Body Contract (Exceptional Case)
In this inaugural offering in Meander, CCJ is delighted to welcome artist Yuki Okumura to devise an intervention into a part of our website.
body contracT (exceptional case) by yuki okumura with shuzo azuchi gulliver
Dear Visitor,
My name is Shuzo Azuchi Gulliver. In the late ’60s, I experimented on films and slides, and then in the early ’70s, I began working on my own body in various ways. One such work is still ongoing, called Body Contract (1973–), where I divided my body into 80 parts and had people sign contracts for which each is assigned to one body part of mine to carefully preserve after I die.

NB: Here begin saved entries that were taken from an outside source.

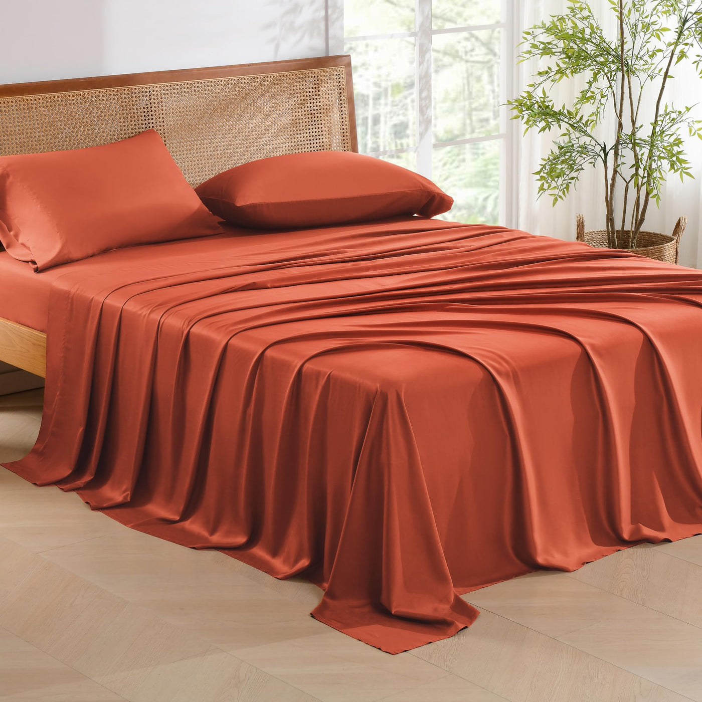 Andency Orange King Size Sheets Set, 100% Viscose Derived From Bamboo, Cooling King Sheets, Deep Pocket Up To 16', Silky Soft Bed Sheets, Hotel Luxury Breathable Bedding Sheets & Pillowcases…
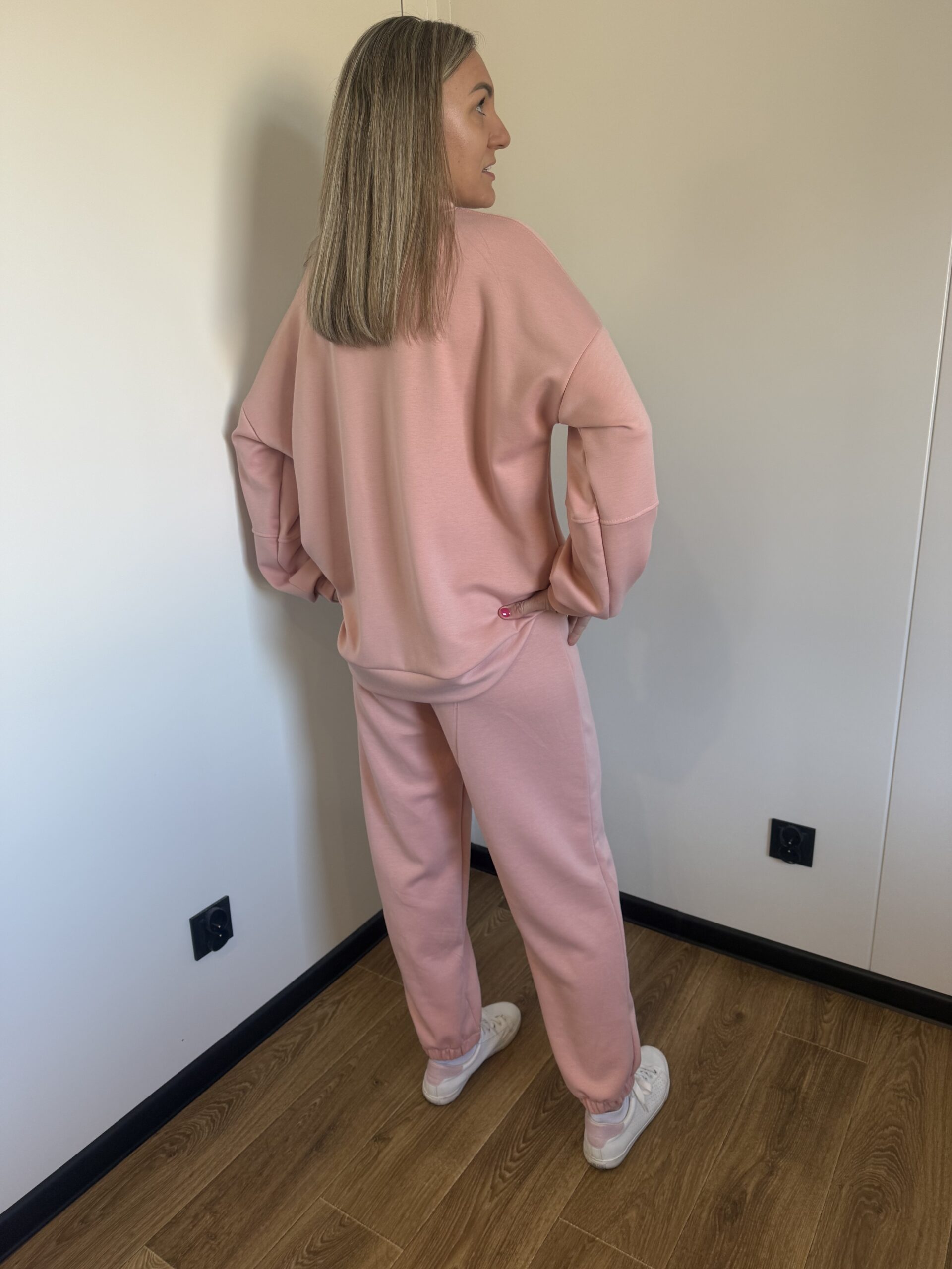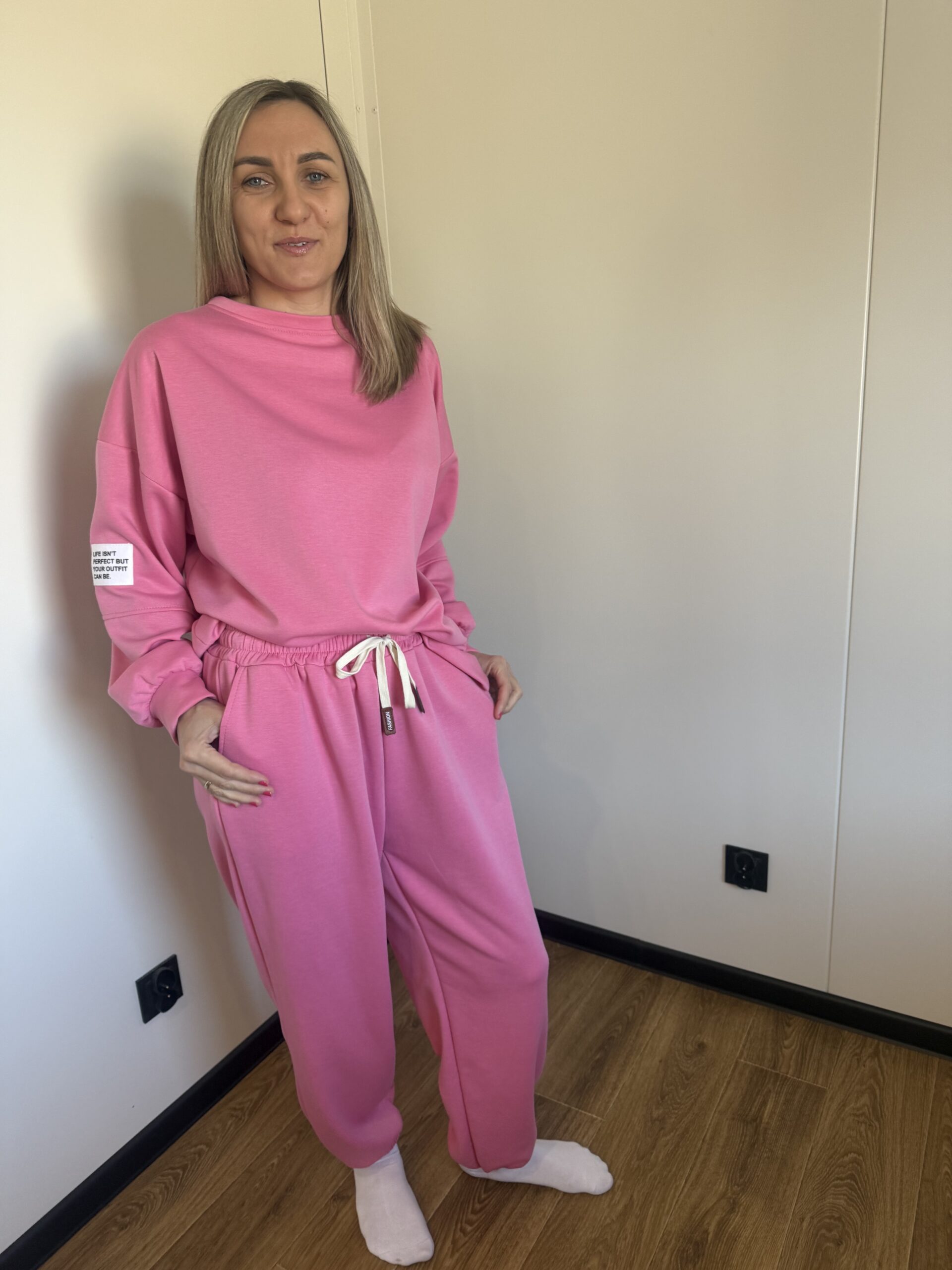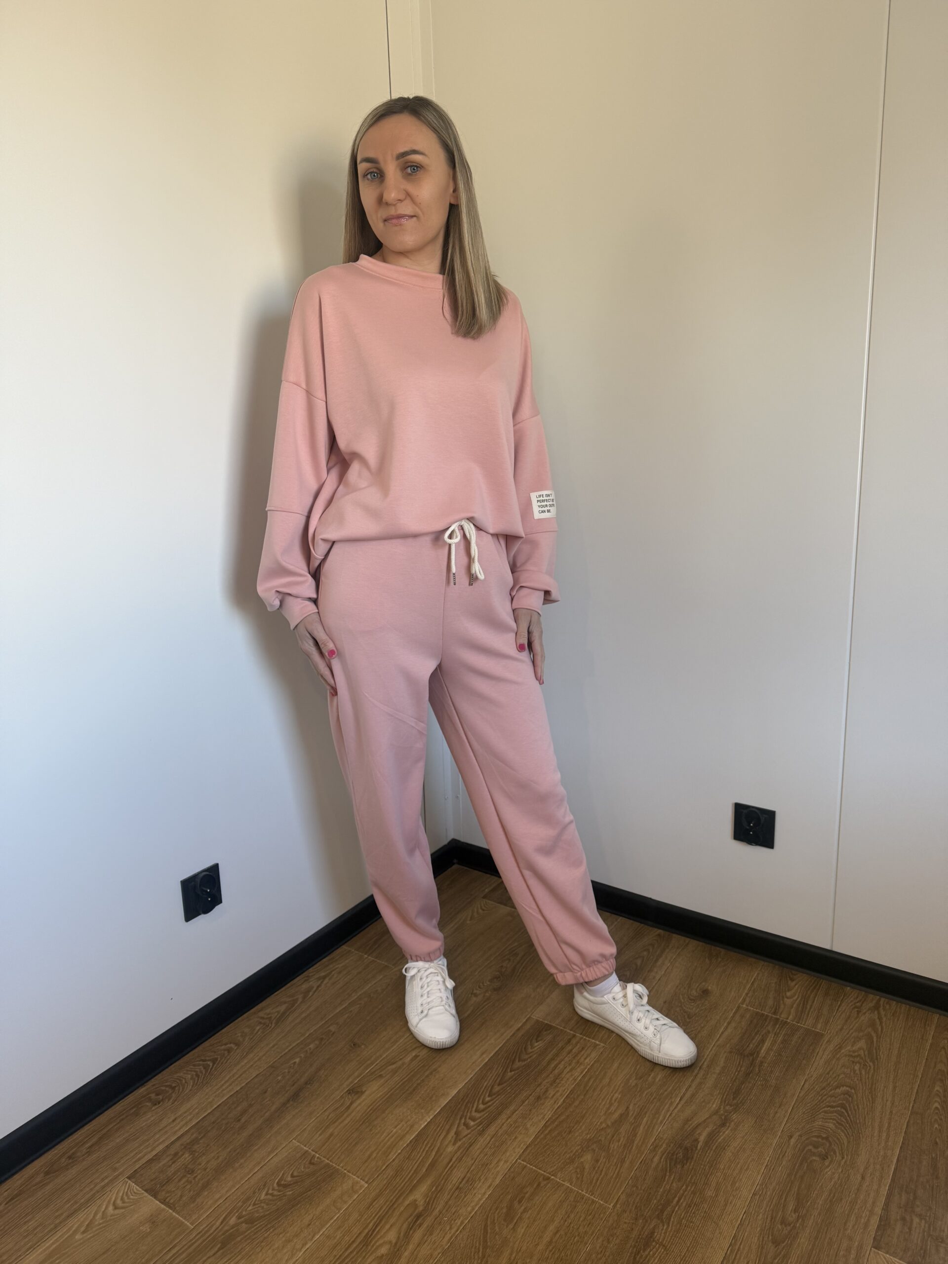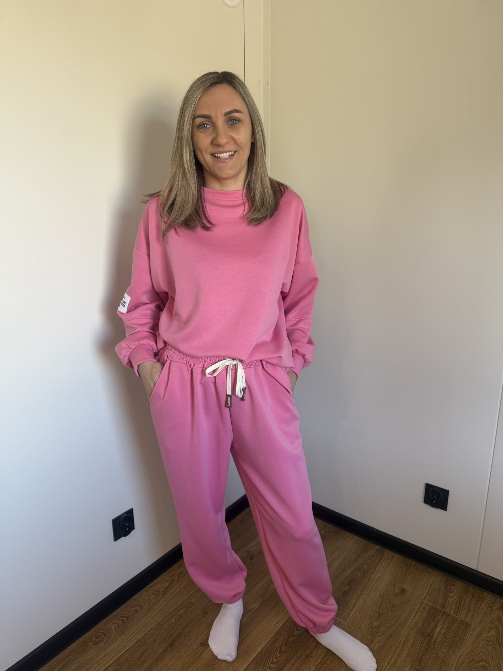 Ten komplet dresowy damski wykonany jest z miękkiej, przyjemnej w dotyku dzianiny typu masełko, która zapewnia komfort noszenia przez cały dzień.
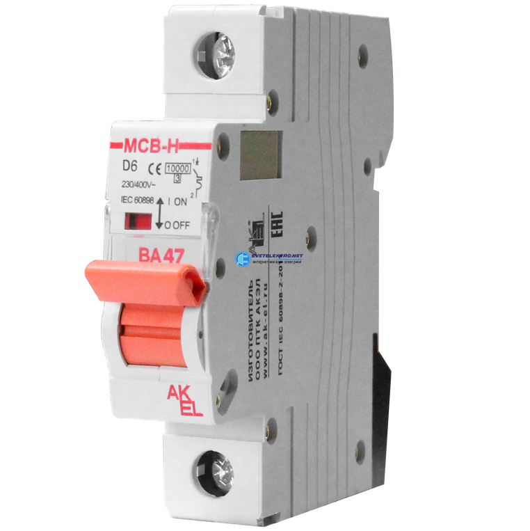 Выключатель автоматический ВА47-MCB-H-1P-D2-AC 1P/2A/D/10кА, код 400392, производитель АКЭЛ

Other works include The metal having the length (1976–78), which consists of rulers uniquely set to the lengths of certain parts of my body, and Weight (Human ball) (1978, ’79, ’80, ’82, ’83, ’85, ’87, ’88, ’90), stain-less steel balls each weighing exactly the same as my body at the time of its production.
In February 2014, Yuki Okumura, whom I had met several years before, emailed me. He wanted me to participate in his project in the form of a public conversation at blanClass, a space for experimental performances in Yokohama. He explained that actually, the true focus of Body Contract, unlike its name, is my consciousness, for it’s the only element that belongs to myself yet is excluded in the project. Informed by this, his aim was to reach a special agreement with me — a contract, or a promise, regarding my consciousness after I die. Ha!
Documented and projected live through the lens of video artist Yu Araki, our dialogue turned out very long and detouring. But eventually, Okumura disclosed what he wanted from me in concrete terms: a promise that I’ll stage what he terms a “posthumous performance” for him — as he thinks that an action certifies the existence of a consciousness that enables it. Okay, I’ll positively think about it, I said. I don’t even know how to perform without a physical body, but thinking about various possibilities will be fun, no matter how long it will take.
While developing my idea, I also began a totally new project, this time dividing my voice into 50 parts based on the Japanese 50-character syllabary. Each time, I gift a person or a group of people with one of the fifty sounds that I pronounce from the time I offer it to my death. In a two-person show Okumura and I realized at Etablissement d’en face, a gallery in Brussels, October 2015, I gave away “shi” to the visitors. “Shi” is the pronunciation for a range of Japanese words: death, poetry, four, C, and even the onomatopoeia of urinating. I’d already worked on this multiplicity through my early performance poem し-C-4 (1968), which we together reenacted at the opening.
This time, in concurrence with the exhibition of my work Cinematic Illumination (1969) at The Museum of Modern Art, New York, which was scheduled in March 2020, I was going to perform this poem at Pioneer Works, Brooklyn, and also give a performance and a workshop regarding Body Contract at Haverford College, both in April 2020. But sadly, the MoMA show was postponed and the latter two events were canceled due to the COVID-19 outbreak. After this update was communicated, Okumura said, in our regular email correspondence, that perhaps now is the time to share with people the video documentation of our conversation in 2014. Why not! Maybe it’s just his way to remind me of my “homework” from six years back, but anyway, it’s good to pause and reflect for a moment.
All in all, I believe the continuous dialogue between Okumura and I will create interesting work into the future, no matter how we will all transform by going through the current period of phase transition. Looking very much forward!
All the best, with love,
Shuzo Azuchi Gulliver
(ghostwritten by Yuki Okumura)
Yuki Okumura (b. 1978, Aomori) is an artist with a multilayered practice. As an art academy student, he formed artworks correlating his pubic hair and Romanticism and staged on-the-roof performances of cooking his saliva in New York and Tokyo. Living between Tokyo and other regions of the world in the early-2010s, he began to be attracted by the translator as the medium after having been considered to be a semi-representative figure of the yuppie (neta-kei) physicalism, while getting the pen-name Lei Yamabe, which he continues to keep as his critic name. In 2016, he presented a seriously conceptual and dry-humorous film at the boutique-adjunct Maison Hermès Le Forum in Tokyo. Together with Hisachika Takahashi, he built concatenated frames into a mazy clump, with works such as Hisachika Takahashi in Israel and Memory of No Memory, followed by an evening of ghosts at the Imperial Hotel in Tokyo. As a reincarnation of the American artist Gordon Matta-Clark, who dissected an along-a-river joint in Antwerp, 1977, Okumura produced Welcome Back, Gordon Matta-Clark (2017), a work revolving around friendship and suicide, a project that illustrated a reunion after 40-years of non-meeting. The out-of-box project The Man Who (2019) revolved around a nebula of speech balloons from which Okumura proclaimed a coalescence of two persons or a unity of two overlapped practitioners. Hence, he has continued to remain active as an artist working on the folds of rupture, absence and new mediumship with an interest in the body, self and mortality. He has exhibited his work recently at Tokyo’s Ueno Royal Museum and Keio University Art Center.